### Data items
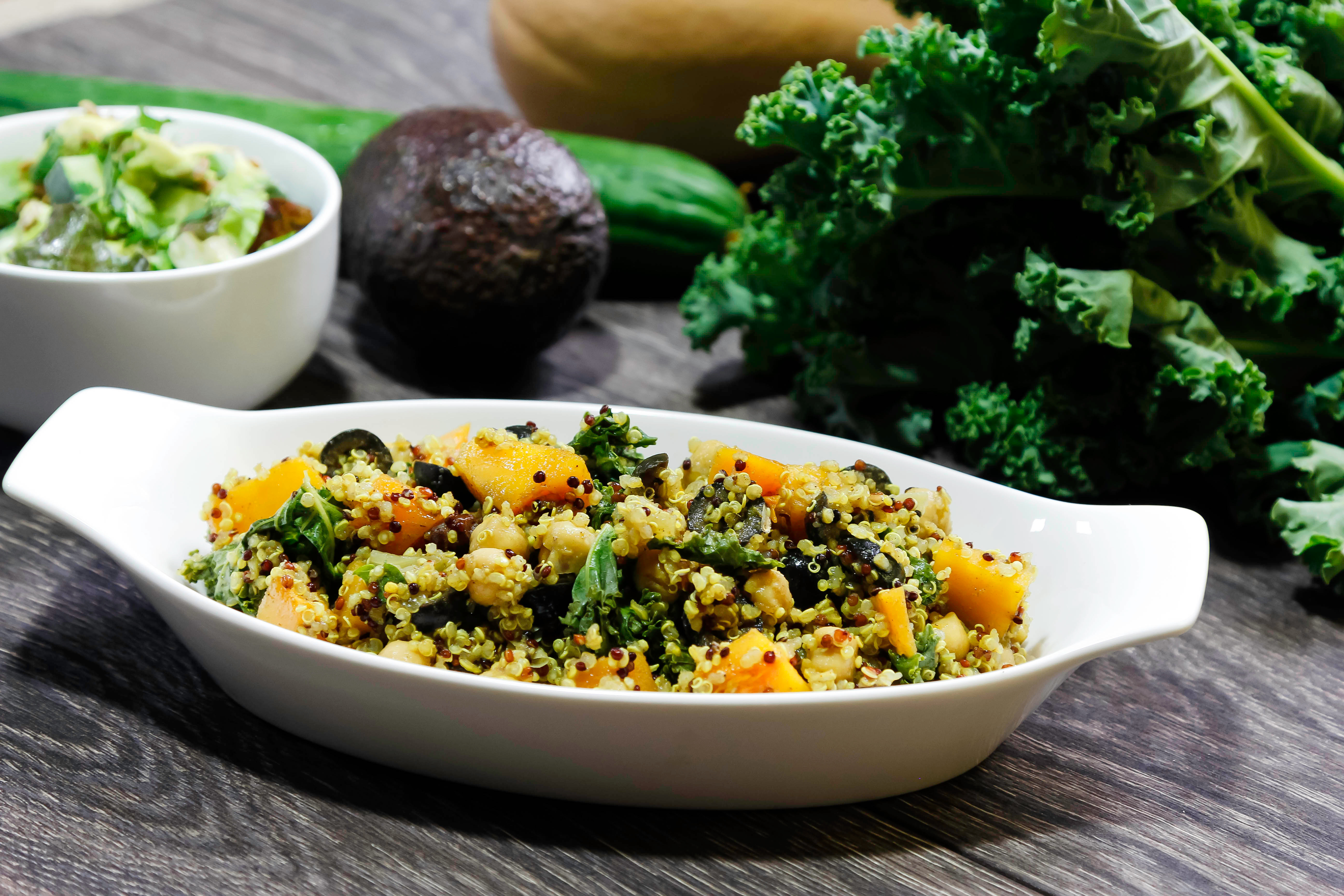 Add whole grains! One of the easiest ways to make a salad heartier, healthier, and more interesting is to add whole grains. Quinoa is an excellent choice, but there are so many other grains to choose from including barley, farro, bulgur, couscous, freekeh, wild rice and many more. To make it as convenient as possible, you can cook your grains ahead of time, and then it is super-simple to warm them up and add to your salad.
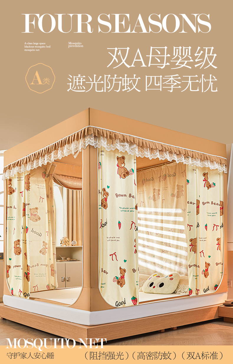 아이징메이 2025a 어린이용 낙상 방지 모기장, 3개의 출입문, 침대용, 만화 캐릭터, 가정용, 먼지 방지 침대 커튼스토어 가기
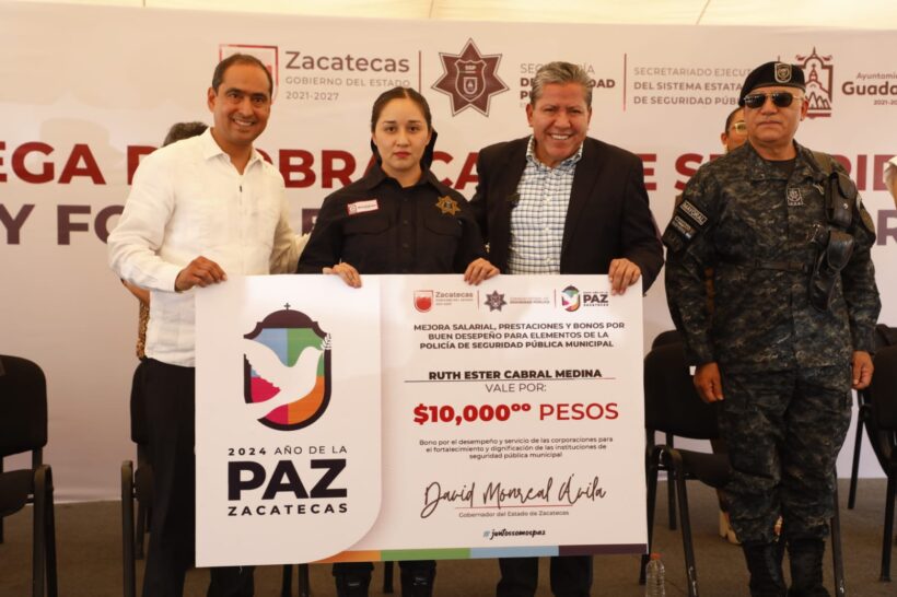 Sumado al equipamiento del Juzgado Cívico, la entrega de patrullas, armamento y uniformes, ya se firmó el convenio con el Secretariado Ejecutivo del Sistema Estatal de Seguridad Pública para que ningún policía en Guadalupe gane menos de 14 mil pesos al mes.
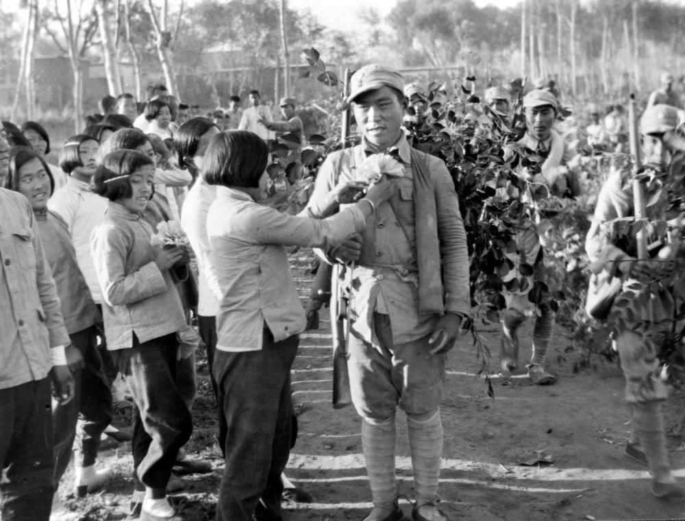 这是老百姓为百团大战胜利归来的英雄佩戴光荣花(中国照片档案馆馆藏)。
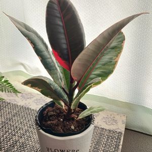 ゴムの木(フィカス)🪴絵の具で塗り重ねたみたいな不思議な色の葉っぱ🤗 上に行くほど、ピンク色が濃くなってきて一枚一枚違う色合いが可愛い💚💛🤍💗 ( *˙ω˙*)و グッ!
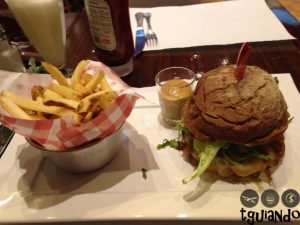 Por ser um pouco tarde para comermos comida, optamos por um lanche, que por sinal estava muito bom, desde a apresentação até o paladar. Escolhemos o caesar burger (hamburger grelhado de picanha de 150g com queijo cheddar, alface americana, parmesão, maionese caesar, no pão integral com gergelim), R$ 21,40, e pub’s burger (hamburger de 150g servido com cebola caramelizada na cerveja preta, provolone grelhado, tapenade de azeitonas, alface frizzé e maionese, no pão australiano, acompanha batatas fritas rústicas e exclusiva maionese de cerveja preta), R$ 30,90.

### YOUR ASSIGNMENT
Above are records with pictures. Reproduce exactly only the lines from the line with "Sumado al equipamiento" through the line with "这是老百姓为百团大战胜利归来的英雄佩戴光荣花(中国照片档案馆馆藏)。", both ends included, and leave the pictures out.

### EXPECTED ANSWER
 Sumado al equipamiento del Juzgado Cívico, la entrega de patrullas, armamento y uniformes, ya se firmó el convenio con el Secretariado Ejecutivo del Sistema Estatal de Seguridad Pública para que ningún policía en Guadalupe gane menos de 14 mil pesos al mes.
 这是老百姓为百团大战胜利归来的英雄佩戴光荣花(中国照片档案馆馆藏)。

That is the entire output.